Your point about the spontaneity of cells forming stands, although I wasn’t phrasing the analogy at the level of thermodynamics / physics.
Agreed, but in the same vein that empirical observations and low-tech experiments gazing at the cosmos laid the foundation upon which we were able to build grander and more complex theories of the universe, it would be premature to claim that this line of inquiry will not give us future mechanistic theories that are profound in nature. I am in agreement that these tools, at least at the moment, are largely frivolous and feature-specific without capturing more abstract notions of reality.
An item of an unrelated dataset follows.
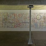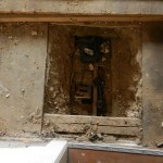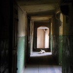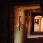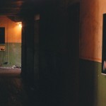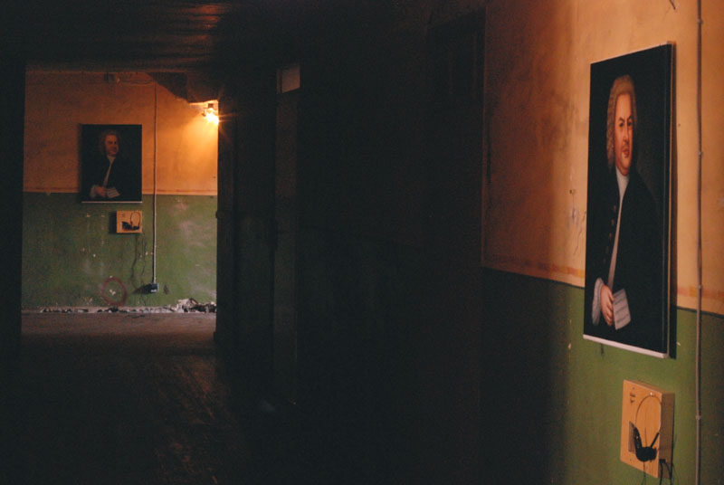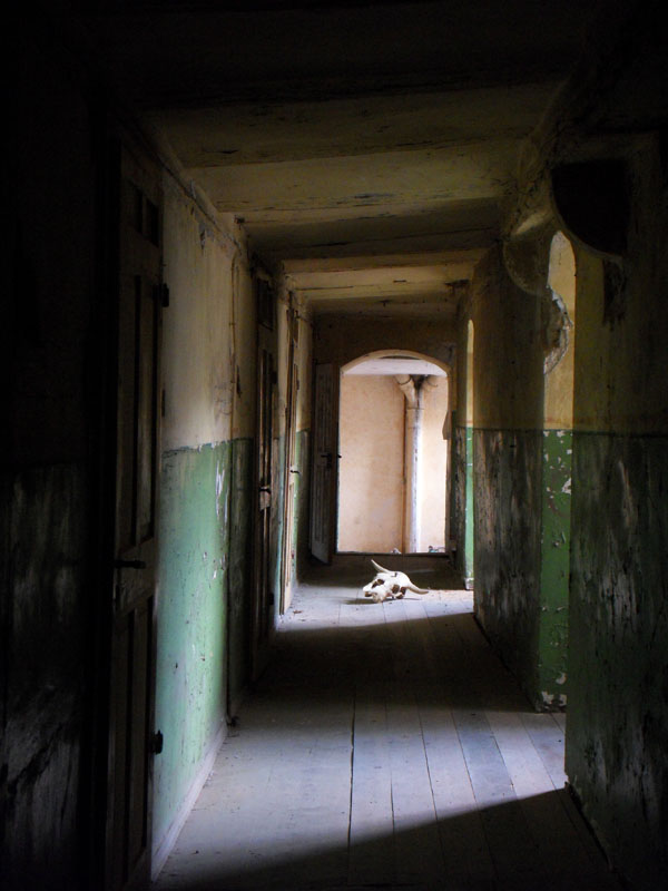 In an other hallway, that was closed for safety reasons, he placed the a bovine skull in a light spot on the ground. Evoking emblematic associations of death and desert he transformed the no-go-area into a picture of a house with a great potential as a fallow land.

That being said, in terms of timescales, we are in a pre-Newtonian era, where we lack even basic, albeit fundamental laws for understanding how these models work.
It’s true that gazing at the cosmos has a history of leading to important discoveries, but mechanistic interpretability isn’t gazing at the cosmos, it’s gazing at the weights of the neural network.
On second thought, I agree that gazing at the cosmos is not a fair comparison: rather, I would compare mechanistic interpretability to the early experiments of the Dutch microbiologist van Leeuwenhoek as he first looked at protozoa and bacteria under a microscope.. They weren’t the most accurate or informative experiments in the large scheme of things, but they were necessary for others to develop a more sophisticated understanding of biology.
It’s very likely that the field of mechanistic interpretability will grow beyond simply examining weights in a model, to higher order understandings of the computational flow within a model (gradient descent and itself data were mentioned in this thread)--I agree that simply examining weights/activations is not a sufficient paradigm for understanding neural computation—but it is a start.
If mechanistic interpretability is the AI equivalent of finding tiny organisms in a microscope, what is the AI equivalent of the tiny organisms?
I would argue that the AI equivalent of these tiny organisms are “features,” which are just beginning to be defined in a structured, mathematical way.
Why?
In the same way that cells were understood to be indivisible, atomic units of biology hundreds of years ago—before the discovery of sub-cellular structures like organelles, proteins, and DNA—we currently understand features to be fundamental units of neural network representations that we are examining with tools like mechanistic interpretability.
This is not to say that the definition of what constitutes a “feature” is clear at all—in fact, its lack of consensus reflects the extremely immature (but exciting!) state of interpretability research today. I am not claiming that this is a pure bijection; in fact, one of the pivotal ways in which mechanistic interpretability and biology diverge is the fact that defining and understanding feature emergence will most definitely come outside of simple model decomposition into weight + activation spaces (for example, understanding dataset-dependent computation flow as you mentioned above). In contrast, most of biology’s advancement has come from decomposing cellular complexity into smaller and smaller pieces.
I suspect this will not be the final story for interpretability, but it is mechanistic interpretability is an interesting first chapter.
If you have a certain kind of cell (e.g. penicillium), then you can add certain kinds of organic matter (e.g. food), and then this organic matter spontaneously converts into more of the original kind of cell (e.g. it gets moldy). This makes cells much more influential than other similarly-diminished entities.
In order to get something analogous to cells, it’s not just enough to discover small structures, since there’s lots of small structures that don’t form spontaneously like this. It seems dubious whether current mechanistic interpretability is finding features like this.
I agree that it is dubious at the moment. I just think it’s too early to tell and the field itself will undoubtedly grow in complexity over the coming years.
Your point about the spontaneity of cells forming stands, although I wasn’t phrasing the analogy at the level of thermodynamics / physics.